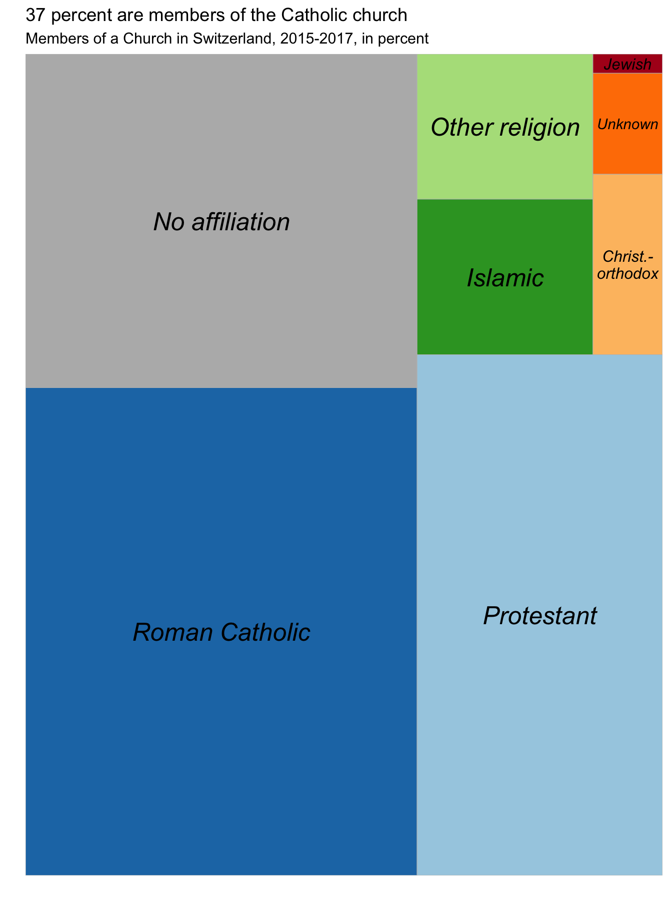 Two-thirds of the Swiss population are either Roman Catholic or Protestant. Most Swiss cantons recognise these two as official religions. This means that those who register as adherents are required to pay a church tax. The amount can vary from place to place. For example, in the canton of Zug it is an additional 15% of the basic cantonal tax if you are a Roman Catholic and 10% if a Protestant. In some places even businesses have to pay. The NZZ newspaper estimatesExternal link that the two churches received around CHF440 million in 2016 from church tax on individuals and corporate taxes on companies.
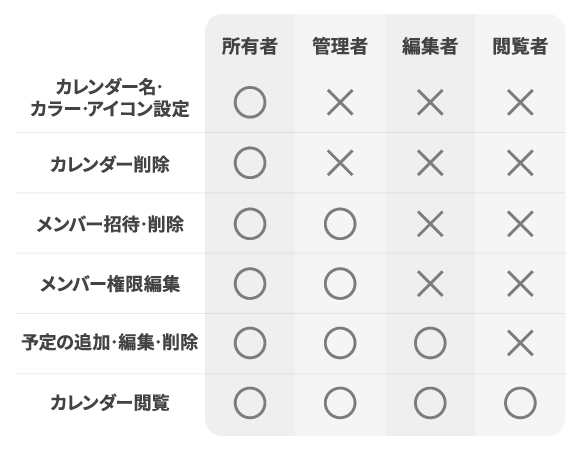 カレンダーを所有しているユーザーが「所有者」、カレンダーにメンバーを招待する際に付与できる権限「管理者」「編集者」「閲覧者」と合わせて4種類です。
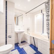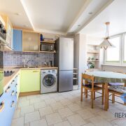 - Встроенная кухня с бытовой техникой: посудомоечная машина, варочная поверхность, духовой шкаф, вытяжка, холодильник
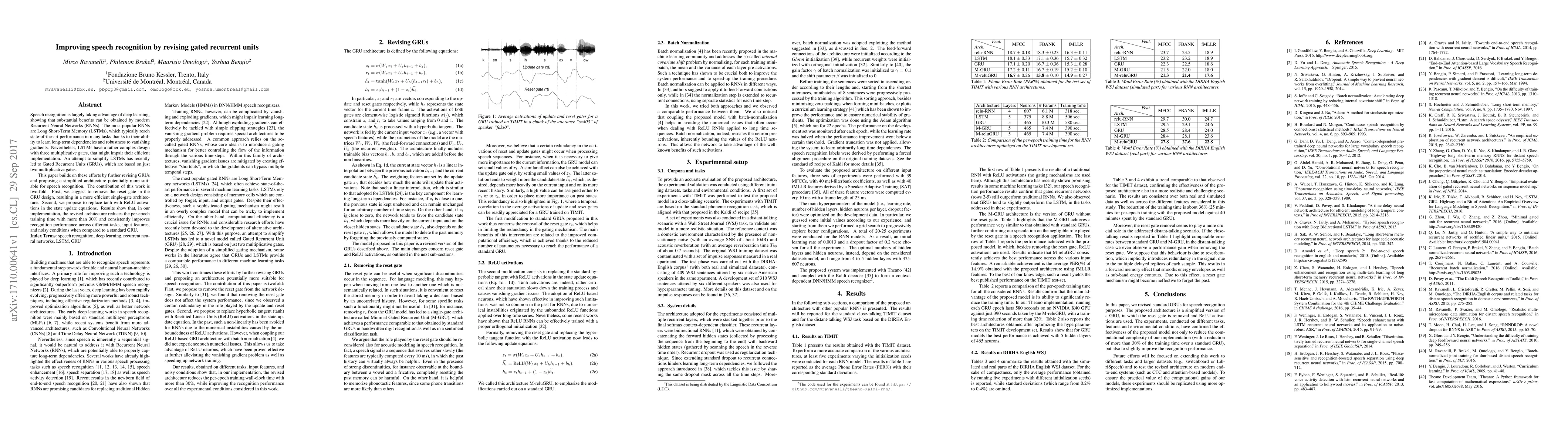 This paper proposes a revised version of Gated Recurrent Units (GRUs) to enhance speech recognition performance. The authors suggest eliminating the reset gate and using ReLU activations, resulting in a more efficient single-gate architecture that reduces training time by over 30% and improves recognition performance across various tasks and conditions.
▬▬▬▬▬▬
> **YOUR OBJECTIVE**: Every line from the one bearing "- Встроенная кухня" through the end of the data above must be output exactly, and no picture may appear.

> **ANSWER TO THE EXERCISE**:
 - Встроенная кухня с бытовой техникой: посудомоечная машина, варочная поверхность, духовой шкаф, вытяжка, холодильник
 This paper proposes a revised version of Gated Recurrent Units (GRUs) to enhance speech recognition performance. The authors suggest eliminating the reset gate and using ReLU activations, resulting in a more efficient single-gate architecture that reduces training time by over 30% and improves recognition performance across various tasks and conditions.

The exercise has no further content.